- Hangul: 이지함
- Hanja: 李之菡
- RR: I Jiham
- MR: I Chiham

= Yi Ji-ham =

Korean scholar-bureaucrat (1517–1578)

Yi Ji-ham (1517–1578) was a scholar, civil servant and fortune teller of the Joseon period of Korea. He used the courtesy names Hyeongbaek (형백; 馨伯), Hyeongjung (형중; 馨仲) and the art names Susan (수산; 水山) and Tojeong (토정; 土亭). He studied under Sŏ Kyŏngdŏk and mastered the classics. He is remembered for his modesty, his dedicated efforts towards the working class and his practical skills in administration.
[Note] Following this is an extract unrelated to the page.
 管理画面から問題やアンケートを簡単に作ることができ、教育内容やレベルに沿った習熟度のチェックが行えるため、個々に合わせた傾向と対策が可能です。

He was also a master of pungsu (Korean geomancy/Feng shui) and is the attributed author of the Tojeong Bigyeol, a system of divination and fortune telling as well as a compilation of his predictions that appeared in the 19th century.

== Early life ==

Yi Ji-ham was born in Boryeong in Chungcheong Province in 1517, during the reign of King Jungjong. A sixth-generation ancestor of Yi Ji-ham was Yi Saek (1328–1396). Yi Saek believed in the co-existence of the "Three Disciplines": Confucianism, Buddhism and Taoism. Nonetheless, Yi Saek was instrumental to the change of mind that led to the founding of Joseon, and the rule of Neo-confucianism over Korea.
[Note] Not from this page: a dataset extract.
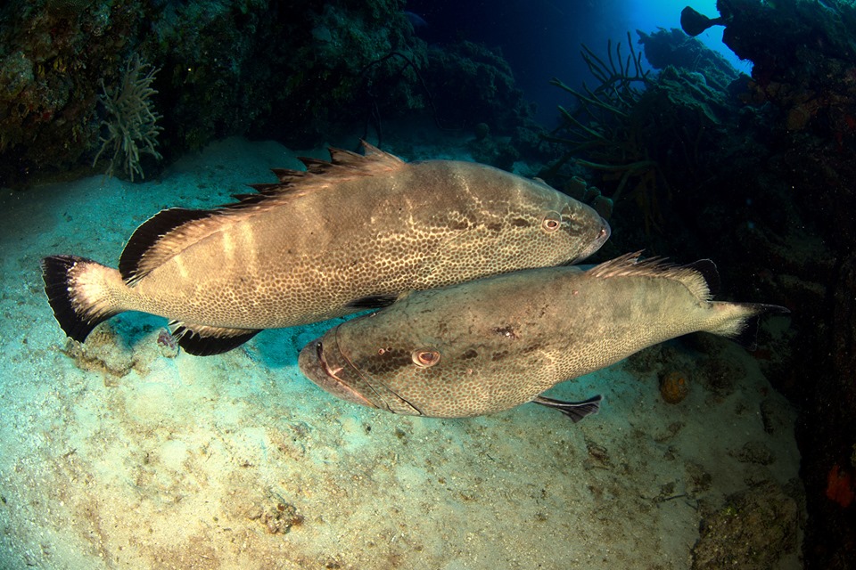 Noel nos comenta: “En más de una ocasión, hemos tenido la suerte de ser testigos de un comportamiento animal muy difícil de observar en la naturaleza. En este caso me estoy refiriendo a los peces, y siendo más específicos a una especie conocida en Cuba como Aguají (Mycteroperca Bonaci), que puede llegar a tener más de 90 cm de tamaño y 100 libras de peso. Este pez generalmente es muy perseguido por los pescadores submarinos, por su gran tamaño y la calidad de su carne, aunque en ocasiones puede estar contaminado con la toxina que produce la ciguatera.

Yi Ji-ham's father, Yi Chi (李稚, 1477–1530) was the magistrate of Suwon and Fourth State Councilor. He died when his son was fourteen. After that, Yi Ji-ham studied under his elder brother, Yi Ji-beon, 이지번 (李之蕃). The later lived a quiet life in semi-retirement. Nevertheless, his first son Yi San-hae 이산해 (李山海, 1539–1609) was to become Chief State Councilor 1590–1592 and 1600–1602.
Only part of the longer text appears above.